In the past 12 hours, Sudan-related coverage is dominated by the escalation of accusations around drone attacks and the regional actors allegedly involved. Sudan’s government says recent strikes—including at Khartoum airport—were carried out using drones originating from neighbouring Ethiopia (Bahir Dar), with the UAE allegedly providing the drones. The same thread also appears in a separate report describing Sudan’s claim that drones targeting Khartoum were Emirati and launched from Bahir Dar, Ethiopia. Alongside this, there is also a focus on the human impact of the war and displacement: a report from Port Sudan highlights children’s schooling under displacement conditions, with UNICEF and local partners supporting accelerated learning for children affected by the conflict.
A second major strand in the last 12 hours is institutional and governance-related reporting that, while not always Sudan-specific, reflects a broader “state capacity” theme relevant to Sudan’s crisis. One article reports the appointment of a new board to the Registration Recognition and Certification Board (RRCB) to strengthen industrial relations and union recognition processes, emphasizing transparency and accountability. Another Sudan-adjacent item covers India–Sudan Foreign Office Consultations (FOC), where both sides reviewed bilateral ties and reaffirmed cooperation on sectors including health, education, energy, mining, agriculture, SMEs, and counter-terrorism—signalling continuity in diplomatic engagement even as conflict-related pressures persist.
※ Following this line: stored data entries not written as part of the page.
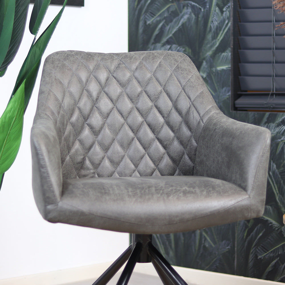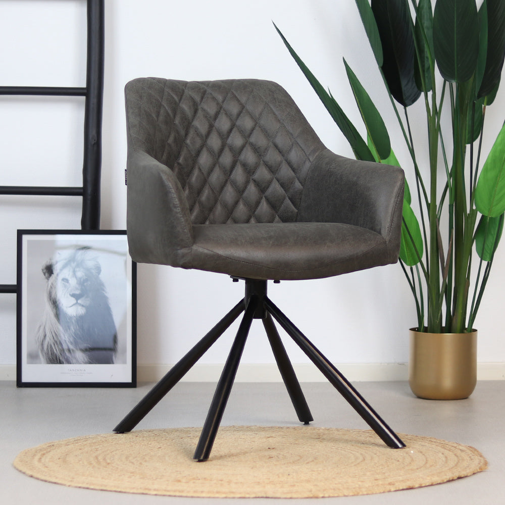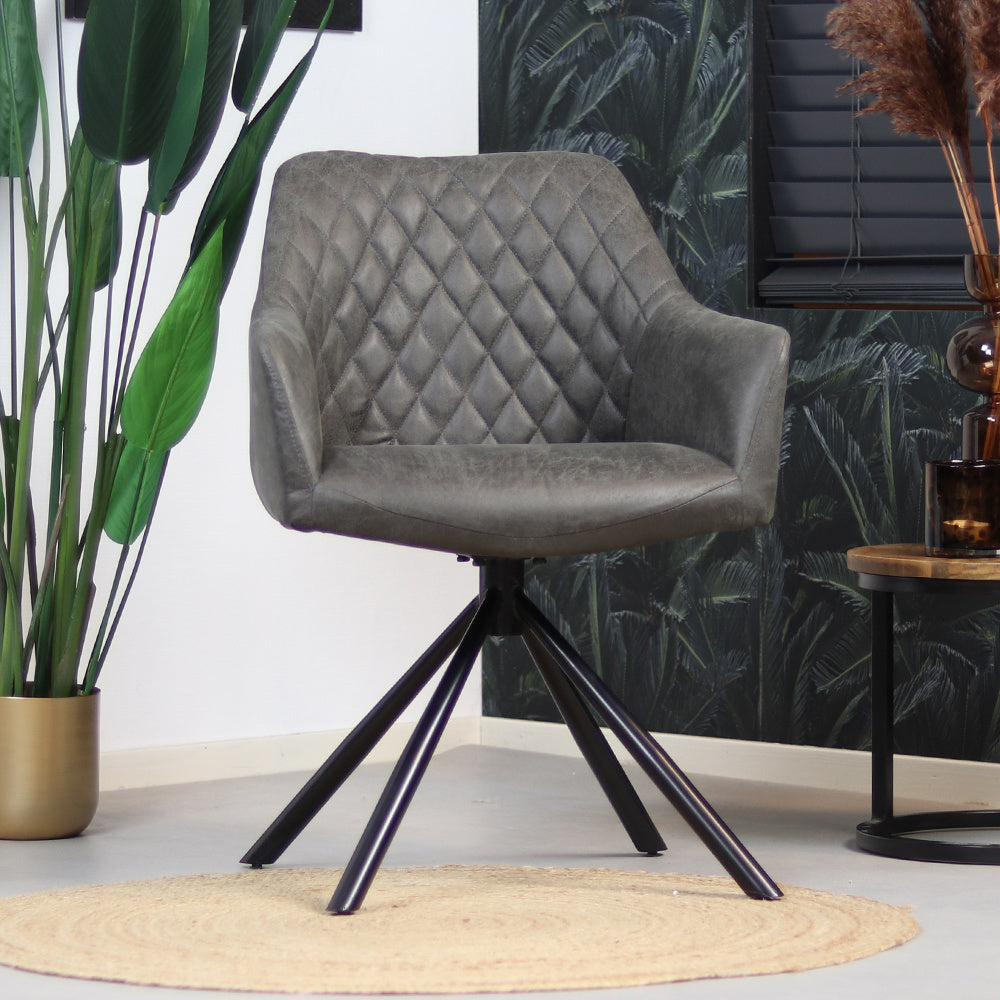 Industriële eetkamerstoel Dex heeft een stoer uiterlijk en past perfect in een industrieel interieur. Tevens past deze stoel door het strakke onderstel ook goed in een modern interieur! De zitting van de Dex is 180 graden draaibaar en zal altijd terugdraaien naar een rechte zit. Hierdoor staat de stoel altijd perfect aan de eetkamertafel! De zitting van eetkamerstoel Dex is afgewerkt met een mooi, diamantvormig patroon op de rugleuning. Hierdoor is het een echte eyecatcher.
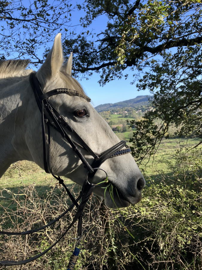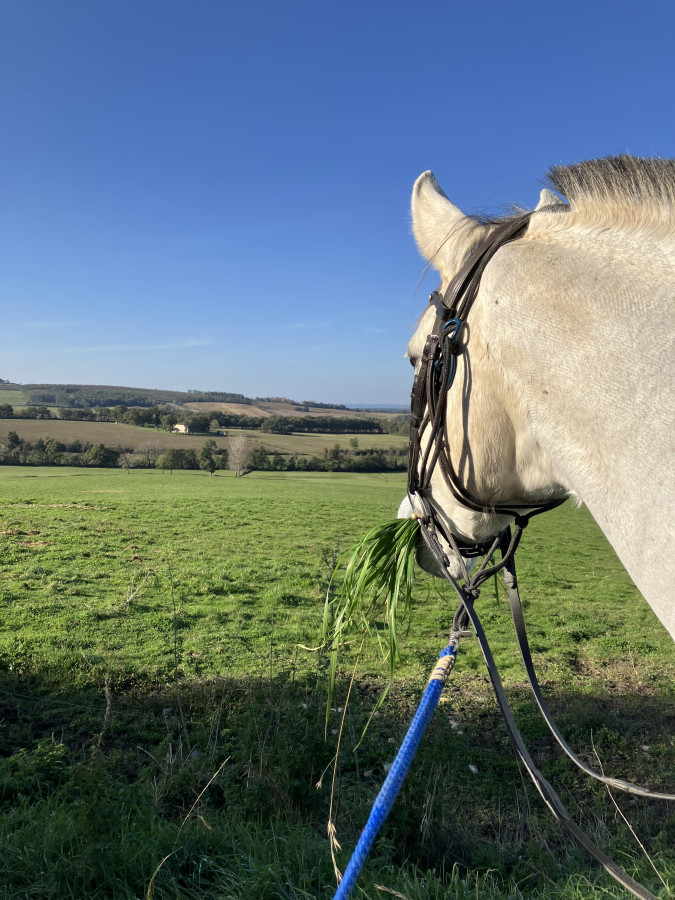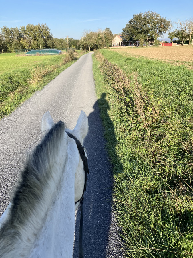 Time était bien puis elle a vu un cheval au galop sur un chemin plus loin, ça l'a énervée excitee et rendue anxieuse. Elle tenait pas en place et a enchaîne les crottins de stress....j'ai beaucoup marché à pied puis on a quand même pu rentré calmement.
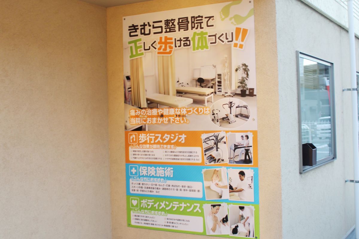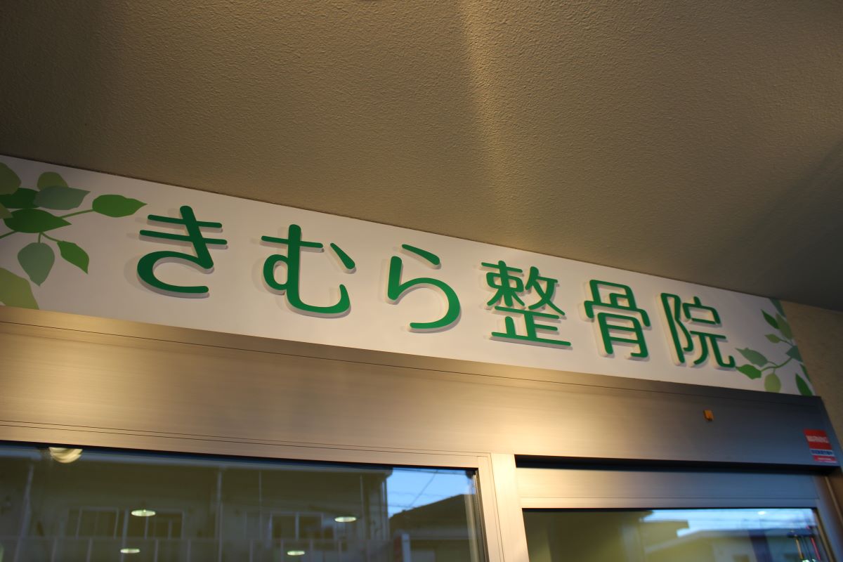 木目調のダイノックシートと立体文字でしっかりと顔となるサインをつくり、懸垂幕…
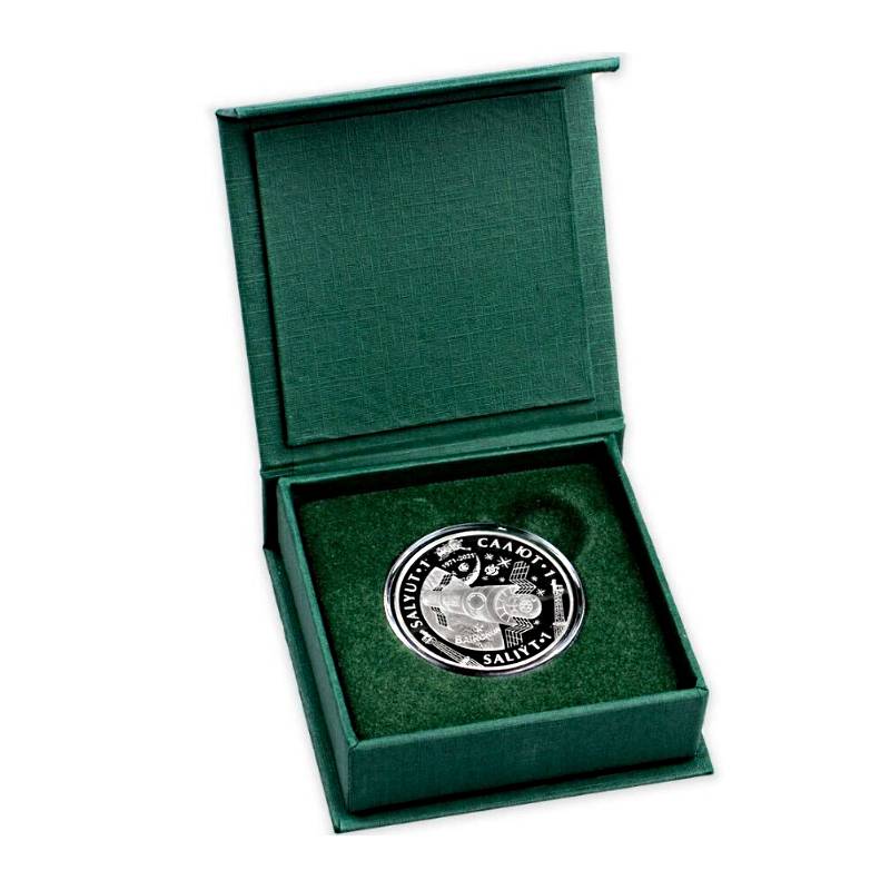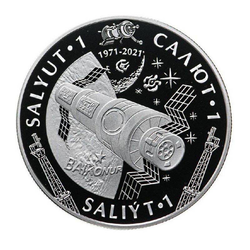 Монета приурочена к 50-летию со дня запуска с космодрома Байконур первой в мире пилотируемой орбитальной космической станции «Салют-1».
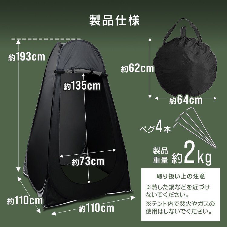 | 海水浴やアウトドアでの着替えに! 女性やお子様でも1人で簡単に設営できる どこでも着替えが出来る着替え用のテントです。 足元のひもを踏んで横倒れ防止できます! キャンプや海や川などに行ったときに、車内での着替えは狭くて辛い! でもこのテントがあればどこでも着替えができるので便利です♪ 中はゆったり広々で大人でも楽に着替えができます! 災害時には中に簡易トイレなどに設置としてトイレとして使うこともできます! アイデア次第で使い方が広がる簡単テントです! 【商品仕様】 カラー:グリーン サイズ: ・使用時(約):幅110×奥行110×高さ193cm ・収納時(約):幅64cm×奥行62cm×厚さ7cm 材質:ポリエステル 他 重量(約):2kg 【商品内容】 テント本体 ×1 ペグ ×4 キャリーバッグ (テント ワンタッチ UV ワンタッチテント ポップアップテント ビーチテント 日よけテント 簡易テント フルクローズサンシェードテント サンシェード 日よけ ビーチ 海 BBQ バーベキュー キャンプ アウトドア ピクニック 防災 災害 避難) |
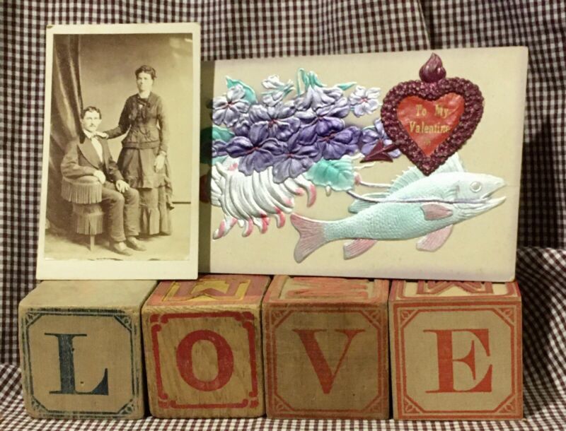 Title (ebay affiliate link): Antique Photo Victorian Couple w Toy ABC Wood LOVE Blocks & Silk Heart Valentine
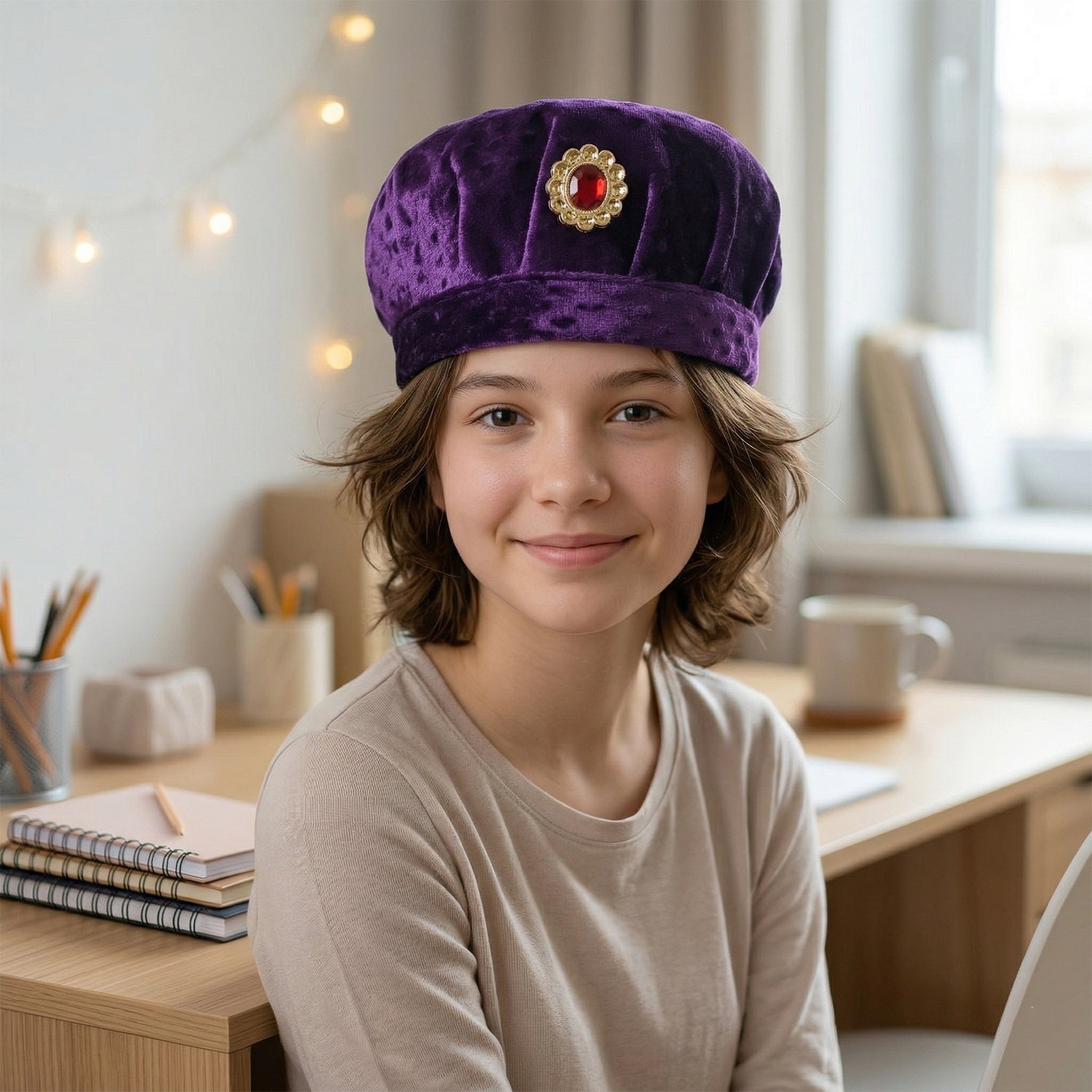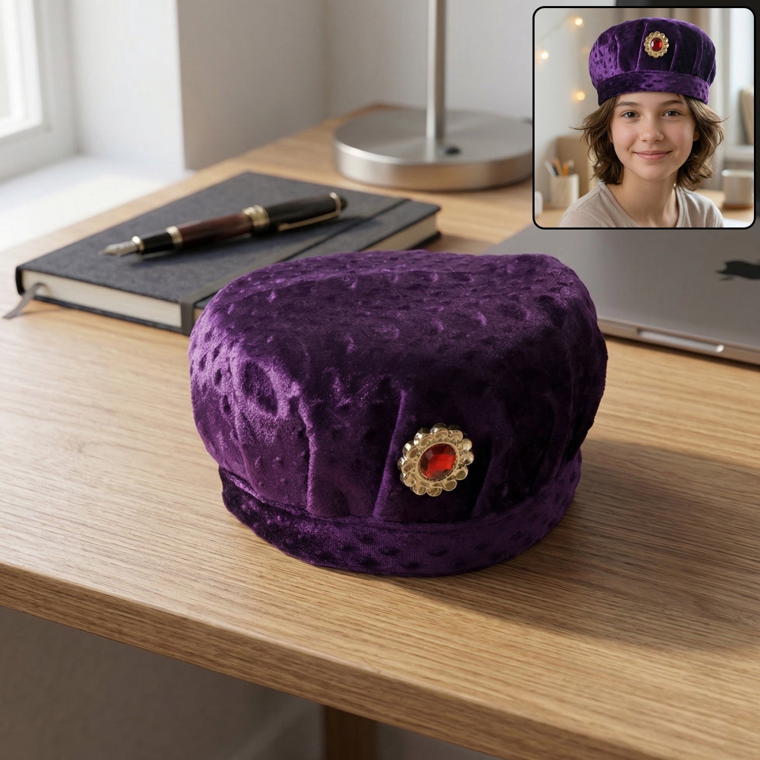 Royal Velvet Designer Cap for Kids & Boys 1 Pc – Premium Traditional Style Soft Velvet Cap with Decorative Stone Brooch Comfortable Festive Wear Ethnic Fashion Cap
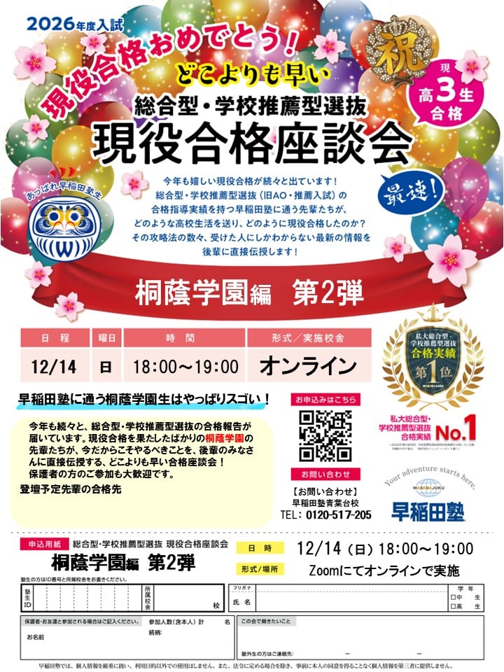 本日は『どこよりも早い!総合型・学校推薦型選抜 現役合格座談会第2弾 桐蔭学園高校編』第2弾開催のお知らせです!
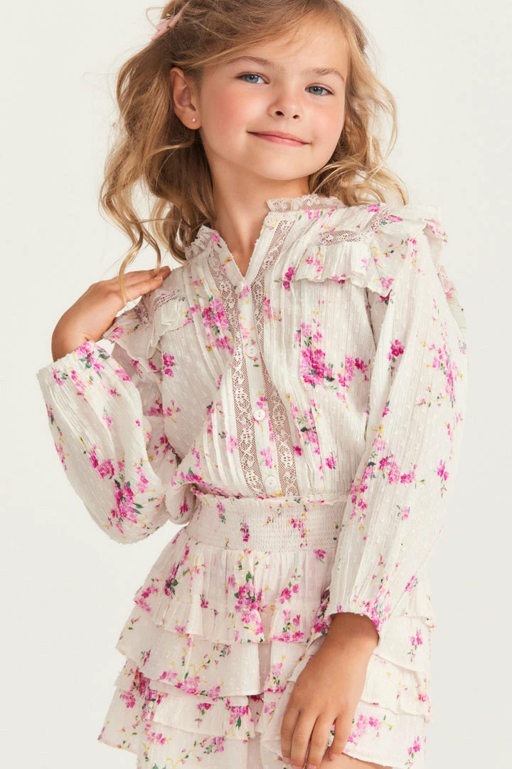 Our sweet Oda Top makes its entrance in 100% cotton in our hero print of the season ; a French textile-inspired floral Victorian, a favorite of our Creative Director’s Rebecca Hessel Cohen. This easy, transitional summer-to-fall blouse features intricate custom lace detail at the round neckline and throughout the ruffle-adorned bib, airy long sleeves and small embroidery detail all over. Complete the set with our Girls Billie Skirt.
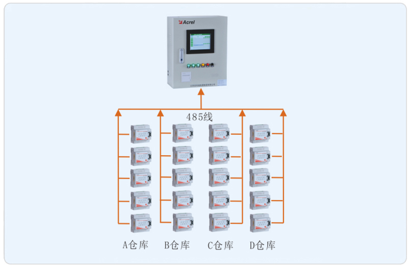 系統采用安科瑞消防電源監控系統,該系統主要采用分層分布式網絡結構,系統結構爲:站控管理層、網絡通訊層和現場設備層。其中廣陳第三方電子商務平台托管産業基地現場設備分布爲A、B、C、D倉庫以及綜合辦公用房消防配電回路。該系統監控所有消防配電櫃内消防回路雙電源的實時運行狀态,如有異常會後台報警。所有監測模塊通過485總線鋪設至消防控制室,消防電源監控主機從而完成對監測模塊的采集并監控。

Beyond Sudan, the most prominent regional context in the last 12 hours is the wider Middle East security and shipping environment shaped by the Iran war and Hormuz/Red Sea dynamics. Multiple items reference U.S. and Gulf actions and rhetoric around ending or managing the Iran conflict, and these are linked—directly or indirectly—to maritime chokepoints and trade disruption. In that context, one Reuters-based piece (within the last 12 hours) reports on a U.S. document suggesting sanctions relief for Eritrea, explicitly tying the decision to Eritrea’s Red Sea coastline and the strategic importance of Red Sea/Horn of Africa routes amid Hormuz constraints.
Looking slightly further back (12 to 72 hours ago), the same Sudan–Ethiopia–UAE dispute is reinforced with additional reporting: Sudan recalls its ambassador to Ethiopia over the Khartoum airport drone strike and reiterates blame on Ethiopia and the UAE. There is also continuity in the “war governance and humanitarian cost” framing: older items include UN warnings about rising humanitarian aid costs and delays, and broader reporting on Sudan’s displacement and schooling losses. Separately, a BBC-linked investigation (from the 3–7 day window) renews scrutiny of alleged foreign support networks for RSF, including claims involving mobile phone tracking data and alleged links reaching into the UAE—though the evidence is presented as investigative findings rather than a confirmed adjudication.
Overall, the most recent Sudan-specific signal is not a single confirmed operational breakthrough, but a tightening of the information and accountability narrative: Sudan is publicly attributing drone attacks to Ethiopia-based launch points and UAE involvement, while humanitarian reporting continues to document the war’s effects on children’s education and daily survival. However, the evidence in the provided set is largely accusatory and documentary/investigative rather than independently verified, so conclusions about responsibility should be treated cautiously.